Slashdot Mirror


A Glimpse Inside the Cell Processor

XenoPhage writes "Gamasutra has up an article by Jim Turley about the design of the Cell processor, the main processor of the upcoming Playstation 3. It gives a decent overview of the structure of the cell processor itself, including the CBE, PPE, and SPE units." From the article: "Remember your first time? Programming a processor, that is. It must have seemed both exciting and challenging. You ain't seen nothing yet. Even garden-variety microprocessors present plenty of challenges to an experienced programmer or development team. Now imagine programming nine different processors all at once, from a single source-code stream, and making them all cooperate. When it works, it works amazingly well. But making it work is the trick."

16 of 66 comments (clear)

  1. Oh yeah, I remember my first time by llamalicious · · Score: 4, Funny

    I was 17 and she was 26 and ... oh shit, wrong first time.

    1. Re:Oh yeah, I remember my first time by neonprimetime · · Score: 5, Funny

      I was 17 and she was 26 and

      Per chance, did you have a MySpace account, and your parents didn't know about your little shin-dig?

    2. Re:Oh yeah, I remember my first time by Rakshasa+Taisab · · Score: 4, Funny

      I'm not familiar with any 26 processors, surely you meant 286?

      --
      - These characters were randomly selected.
    3. Re:Oh yeah, I remember my first time by goodenoughnickname · · Score: 2, Funny

      He had sex with a 286-year old?! What was she, a wookie?

  2. Re:eh by Zediker · · Score: 4, Insightful

    "Console gamers get consoles because they can't deal with installing video card drivers."
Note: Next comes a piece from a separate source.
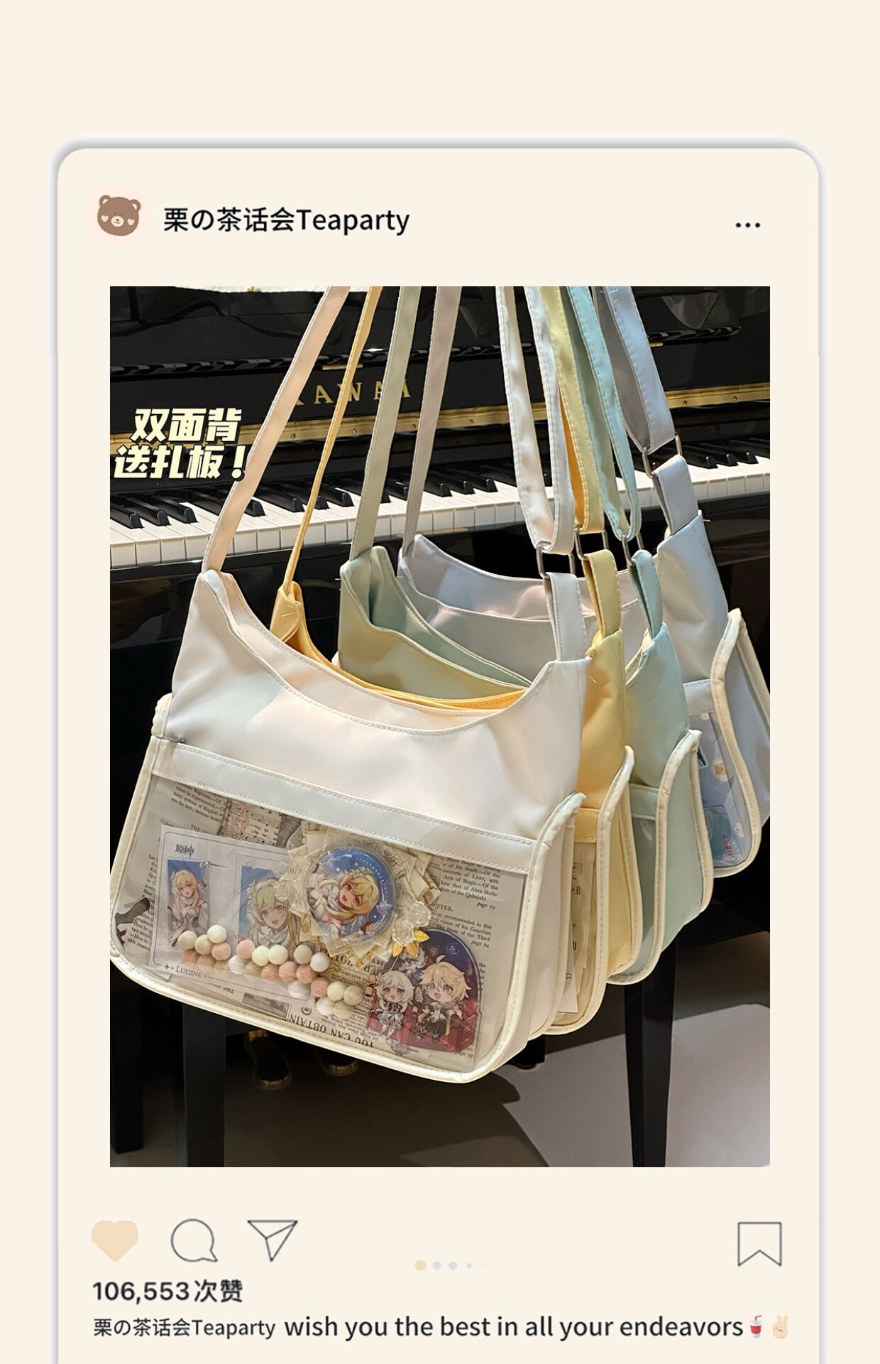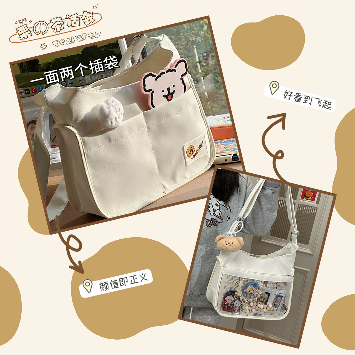 地下黨痛包輕便高顔值日系二次元吧唧單肩包學生大容量斜後後背包包女

    Nope, console gamers buy consoles because they offer games that dont appear on the PC and/or dont have the money to buy a pc gaming rig. $1200+ (im talking building from the ground up with reliable and decent parts) to just start getting a decent computer together usualy isnt as justifiable as spending ($100:GC, $130:DS, $150:PS2/Xbox, $200:PSP, $400:360) for a console of some sort.

    --
    I love to slaughter the english language.
  3. Sega Saturn Redux? by ToxikFetus · · Score: 4, Interesting

    As TFA mentioned, this has the potential of becoming another Sega Saturn boondoggle. Will the developers learn how to fully utilize this incredibly complex architecture? Relying on the "octopiler" to efficiently map to the Cell architecture seems a bit optimistic and naive.

    1. Re:Sega Saturn Redux? by SSCGWLB · · Score: 3, Interesting

      I seriously doubt they will write efficient programs in the lifetime of this console. The level of efficiency they will achieve depends on a lot of things. I didn't see it in TFA, but I am assuming you cannot treat each SPE as an individual processor.
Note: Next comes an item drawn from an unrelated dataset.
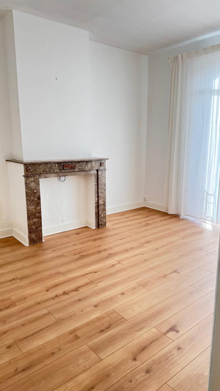 Belle grande chambre lumineuse pour étudiant(e) orientée sud-ouest (soleil couchant), au calme, nouveau parquet, belle cheminée, excellent état général, non meublée, avec kitchenette et salle de douche à partager.

      First of all, their dream of a general 'octopiler' is pure fantasy. I have written massively parallel MPI and Shared Memory applications and can testify to their complexity. Mapping an arbitrary piece of code transparently to multiple processor is a extremely difficult task. If the source is carefully written, it is possible to parallelize certain sections. This requires careful forethought and detailed knowledge of how the compiler works. If I where to guess, I would say they would use some type of middleware (a la CORBA) or libraries (a la MPI) to extend a programming language. That way, the programmer could specify sections of code that can be executed in parallel. This would help the compiler immensely and make much more efficient code. It would be really cool if the SPEs had some type of identifier, allowing you to task specific SPEs! I haven't read much about the CELL, so this may or may not be possible.
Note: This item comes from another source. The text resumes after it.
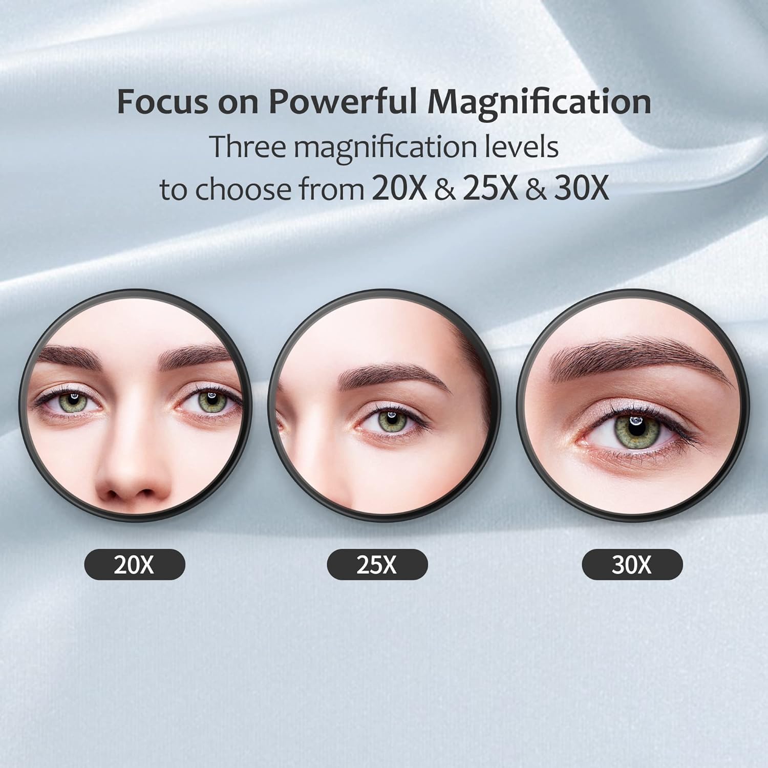30X Magnifying Mirror: 30X magnification is unimaginable, you need to be 3 inches away from the mirror to start using it, if you still can't see you need to get a little closer; in addition you can use it to check the blemishes after makeup, you can also use it to get rid of blackheads and messy eyebrows and beards, both men and women are very practical;

      Overall, I bet the vast majority of the parallel code will be in carefully crafted libraries of CPU intensive tasks. These libraries will grow over time, making utilization of the SPEs more and more efficient. Until then, the main CPU and one SPE will execute the majority of the game with occasional help from the other SPEs.

      ~nate

    2. Re:Sega Saturn Redux? by jd · · Score: 3, Interesting
      Not sure it's that complex. If anything, it sounds rather limiting. Eight isolated physical coprocessors, each supporting two threads? Why not have one coprocessor that supports 16 threads that maps onto as many virtual coprocessors as desired? Basically the same circuitry, but can dynamically remap to the problem being solved, as opposed to remapping the problem to the circuits provided.


      (Having the computer model itself to the problem reduces the complexity of programming and will make optimal use of the hardware. Having the program model itself after what the computer is tuned to do is merely an ugly hack and requires ugly compilers to specifically translate between the paradigms.)


      The cell processor is designed around 1980s concepts of load-balancing while keeping to many of the rules of second-generation programming. Technology has moved on. That's not to say the cell is bad. It's a definite improvement over the 1960s concepts used in many modern CPUs. However, it is still 20 years behind the curve. C'mon, guys, this isn't the Space Shuttle, it's a microprocessor. There is no excuse for network and design technology to be so far beyond the best of the best that industrial giants are capable of doing.


      Actually, it's worse than that. Modern multi-processor systems require specially-designed chipsets and become exponentially more expensive as you build them up. Single boards don't usually go beyond 16 processors. In comparison, people built single boards with 1024 Transputers without difficulty, with costs increasing linearly. So, in multi-processor architectures, we can't even match everything that could be done in the 1980s.


      How does this affect those using the Cell? Well, that's simple. It doesn't offer enough of an added advantage and is different enough that coders will have difficulty making good use of it. That means that coders will have to be inefficient OR dedicated to that one chip, which has no guarantee of making any money for them. Coders won't bother, unless there is something out there that will make it a guaranteed success. I'm not seeing this killer demo.

      --
      It's a small world and it smells funny; I'd buy another if it wasn't for the money; Take back what I paid (SoM)
    3. Re:Sega Saturn Redux? by Phil+Wilkins · · Score: 2, Interesting

      I am assuming you cannot treat each SPE as an individual processor.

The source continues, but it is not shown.